L'irruption de matériaux et d'objets ordinaires, associée à des dispositifs mécaniques, à une hétérogénéité cultivée comme telle, ainsi qu'à des procédures aléatoires ont eu des effets destructeurs de toutes sortes, bien que ces atteintes à une vision canonique des œuvres se soient en même temps nourries d'un esprit qui déplaçait les points d'application de l'aura vers les techniques et la machine, comme cela se manifeste, diversement, dans le futurisme et le surréalisme.
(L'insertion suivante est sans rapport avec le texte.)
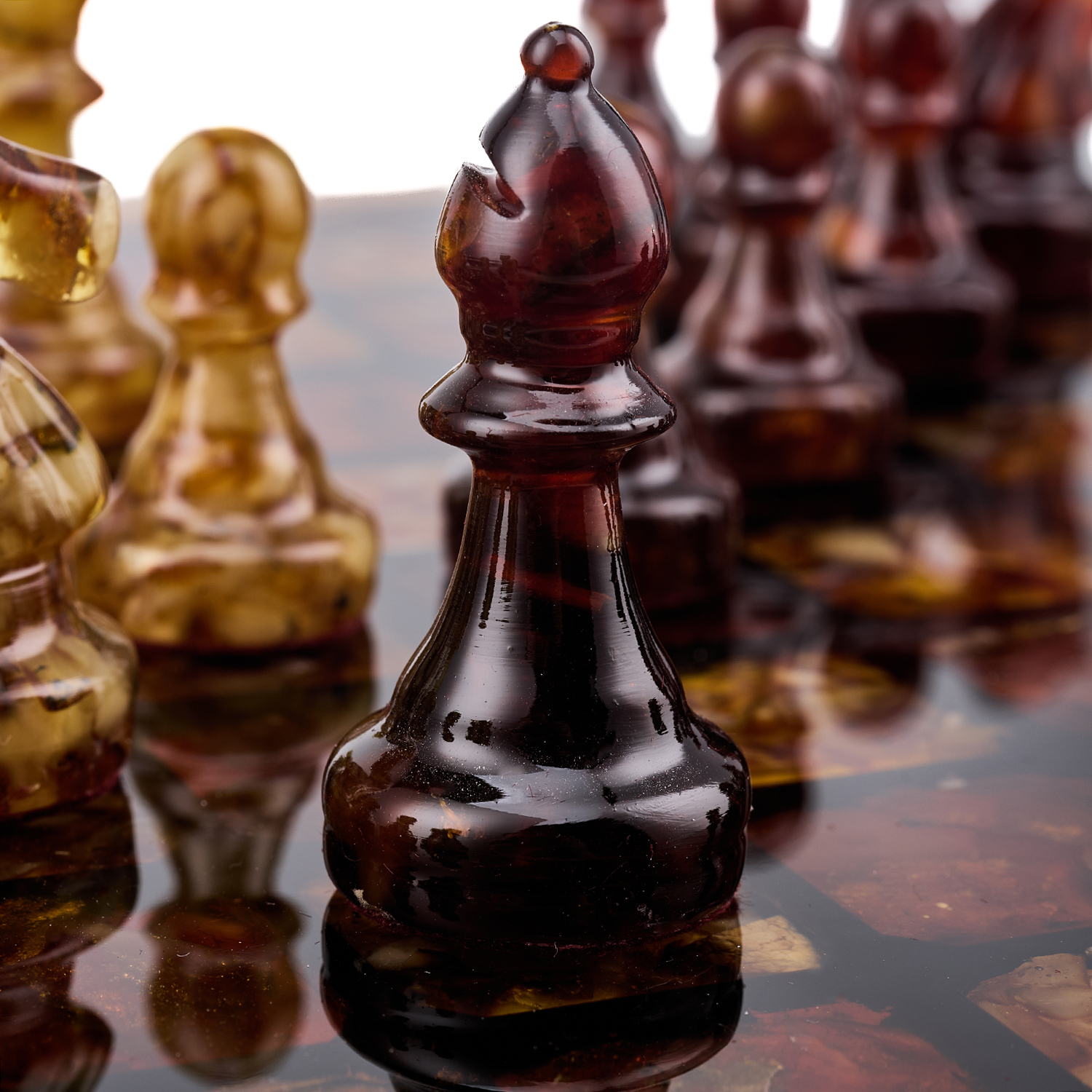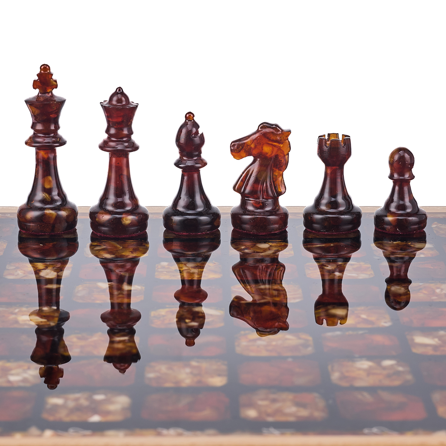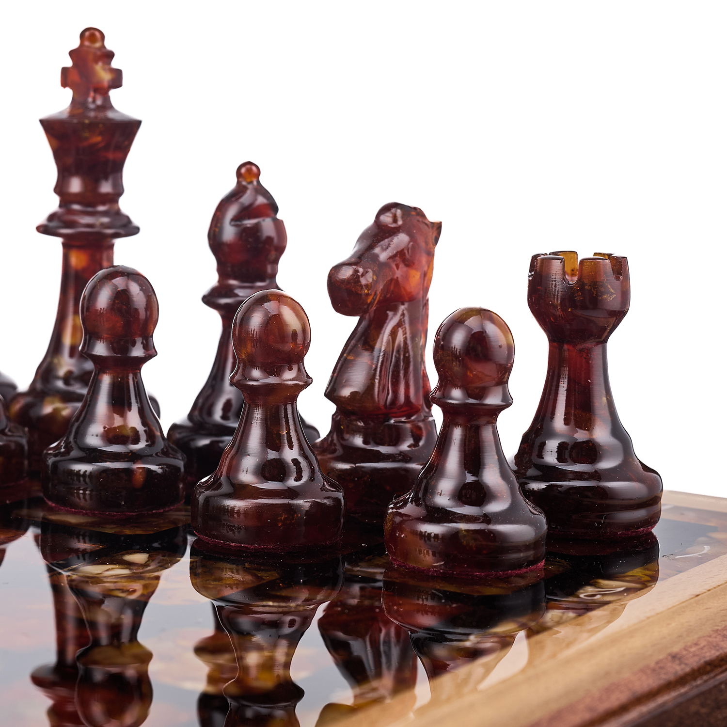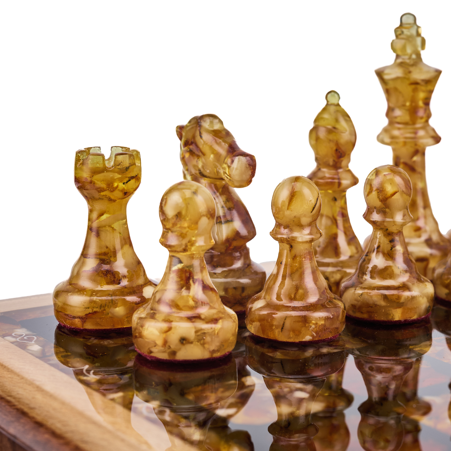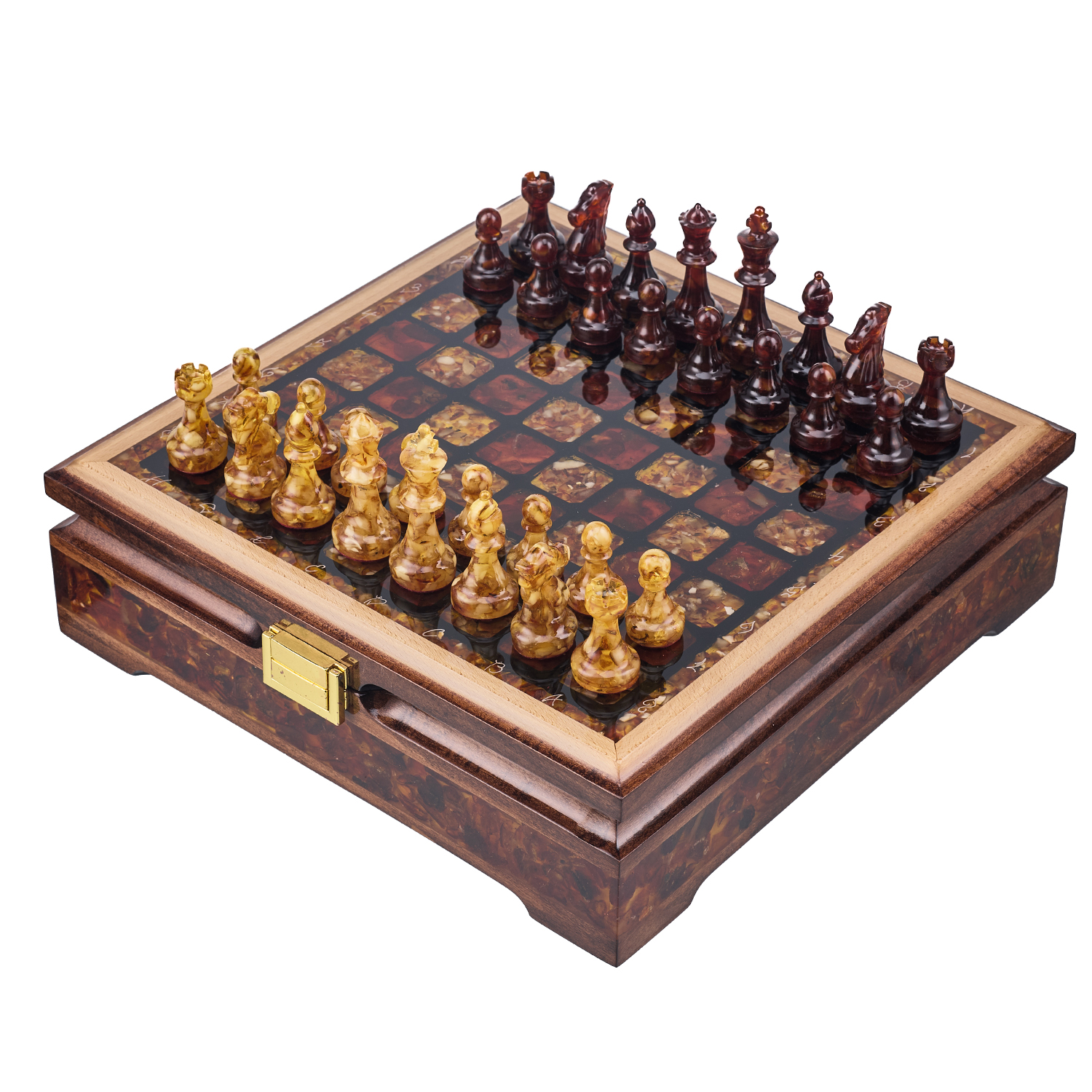 Шахматы с инкрустацией и фигурами из янтаря 28х28 см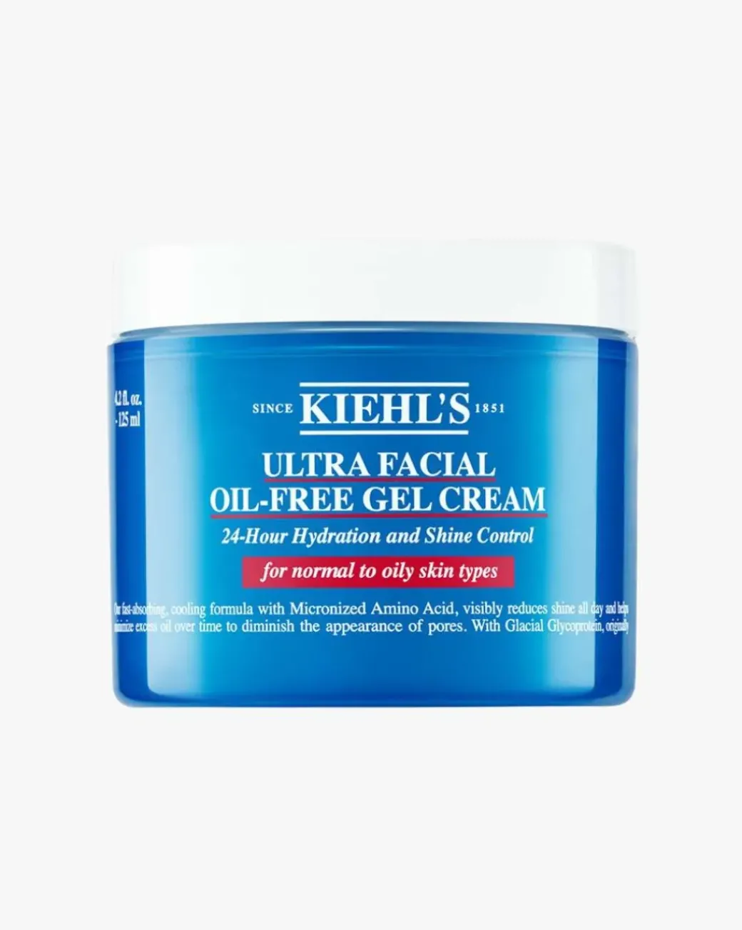 Kiehl’s Ultra Facial Oil-Free Gel Cream er en lett og oppfriskende fuktighetskrem spesielt utviklet til normal eller fet hud. Den gir 24 timers fukt og dens konsistens virker avkjølende og oppfriskende på huden. Den er hurtigabsorberende og trekker umiddelbart inn i huden. Over tid hjelper den til med synlig å redusere porer og fet hud. Huden fremstår oppfrisket og balansert.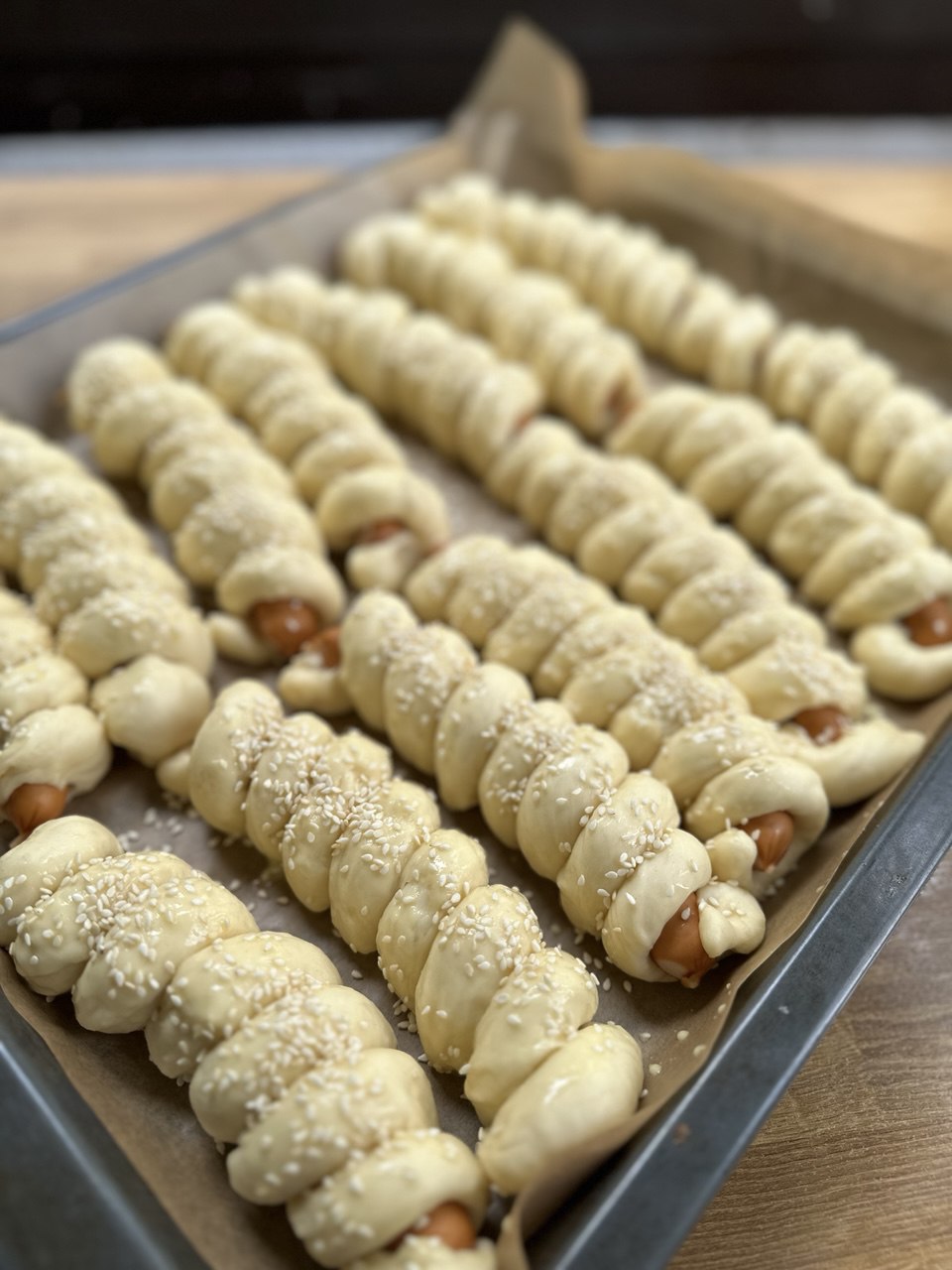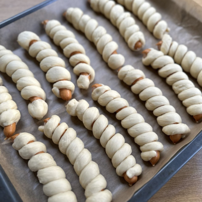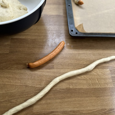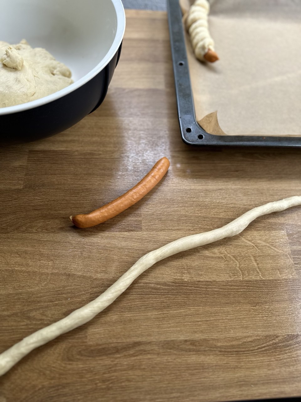 Каждый кусочек раскатать без использования муки в тонкую длинную колбаску. Берем сосиску и обматываем по спирали.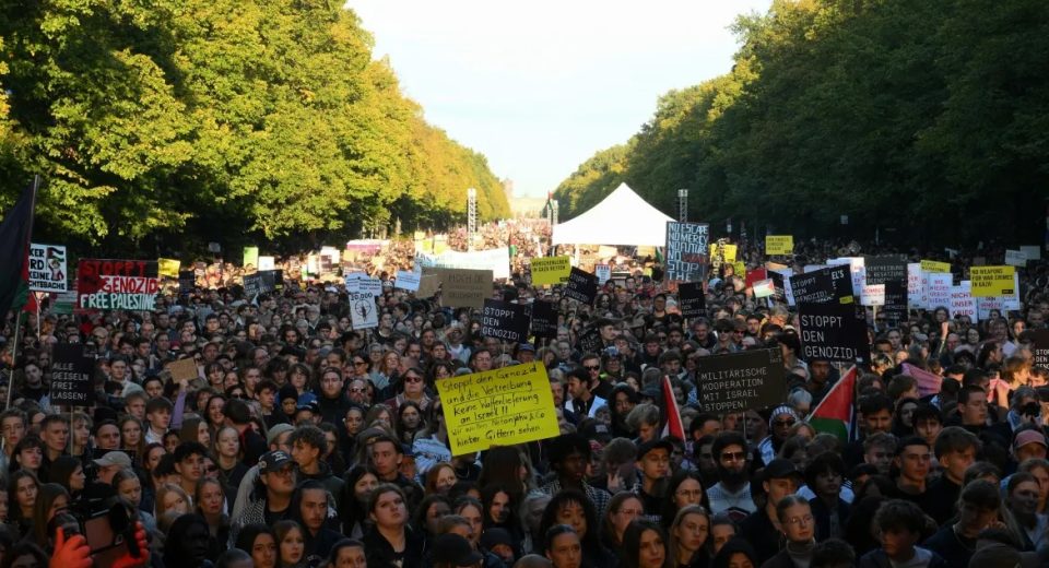 இஸ்ரேலுக்கான ஜெர்மனியின் ஆதரவை எதிர்த்து பெர்லினில் பல்லாயிரக்கணக்கானோர் பேரணி

Néanmoins, la justification de ces usages subversifs résidait principalement dans l'ambition d'en finir avec l'injonction de l'œuvre[1], et, de ce point de vue, le fait d'intégrer à leurs productions ou à leurs manifestations des éléments non artistiques ou non réputés tels avait également, pour les artistes, le sens d'une contestation de la sacralité étrangère aux soucis de conservation — voire de restauration — qui entourent aujourd'hui l'art "contemporain". On peut mesurer, sur ce plan-là, toute la distance qui sépare la situation et les pratiques actuelles des arts de celles des avant-gardes.
Jean-Pierre Cometti, La nouvelle aura, Économies de l'art et de la culture, Paris, Questions théoriques, collection Saggio Casino, 2016, p. 190.
[1] Voir Hans Belting, Le Chef-d'œuvre invisible, trad. fr. M.-N. Ryan, Jacqueline Chambon, "Rayon art", 2003.